Technical director of the Metropolitan Opera
- In office circa 1905 – 1925

Personal details
- Born: May 30, 1858 Dulwich, England
- Died: March 30, 1925 (aged 66) Port Chester, New York

= Edward Siedle =

American technical director (1858–1925)

Edward Siedle (May 30, 1858 – March 30, 1925) was a British-American property master and technical director who worked mainly at the Metropolitan Opera. During his tenure at The Met, he was directly in charge of all technical elements through one of its most innovative eras.

==Biography==
Siedle was born in Dulwich, England, on May 30, 1858. His parents were both German. He emigrated to the United States in 1878. In 1883, he married Caroline Siedle, a costume designer for theatre. They had a son named Edward Vincent Siedle who was born around 1888. The 1900 US Census lists their residence as Westchester. By 1907, they were living in Ludlow Park, Yonkers. Caroline died in 1907. Siedle remarried.

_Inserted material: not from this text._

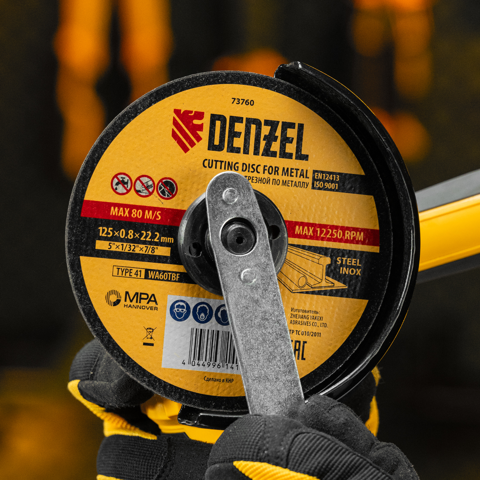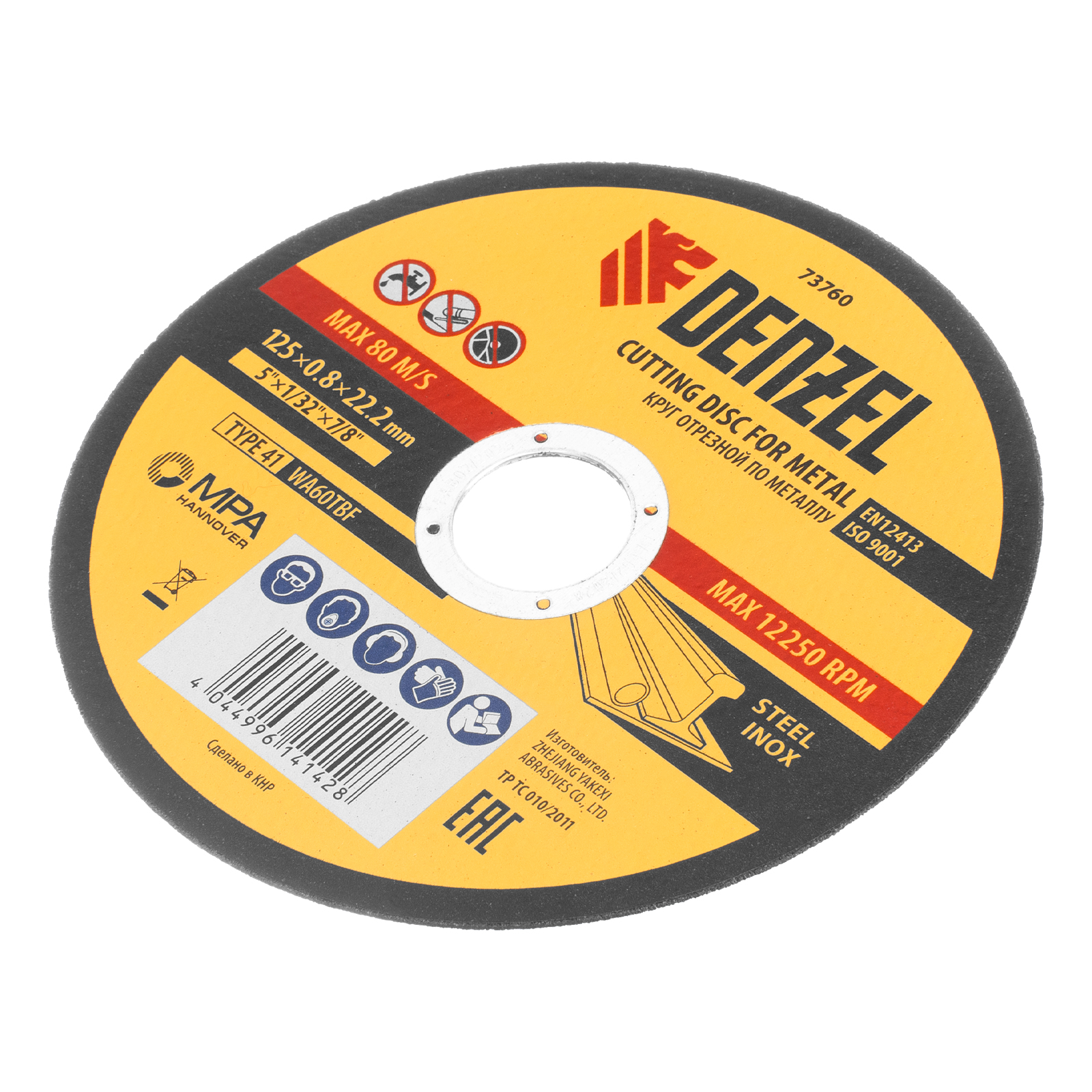 Отрезной круг по металлу Denzel WA60TBF 73760 диаметром 125 мм и толщиной 0,8 мм устанавливается на углошлифовальную машину с посадочным размером 22,2 мм. Предназначен для сухого резания углеродистых и нержавеющих сталей. Максимальная частота вращения составляет 12250 об/мин. Круг пригодится в слесарной мастерской.

Siedle's sister, Philippine Siedle, an opera singer, was married to composer Julian Edwards. His son, Edward Vincent Siedle, served on the Mexican border in 1916 and in France as a captain in the 369th United States Infantry. He received the Croix de Guerre.

Siedle was described as "a man large in frame, stooped, with a big cigar drooping from the corner of his mouth... He looked a bit like the Winston Churchill of today." He was rarely seen without a black fedora hat and a cigar in his mouth. His office was described as "cluttered with books, papers, boxes, wigs, and full of a truly startling and heterogeneous collection of furniture, hangings, materials, and odds and ends."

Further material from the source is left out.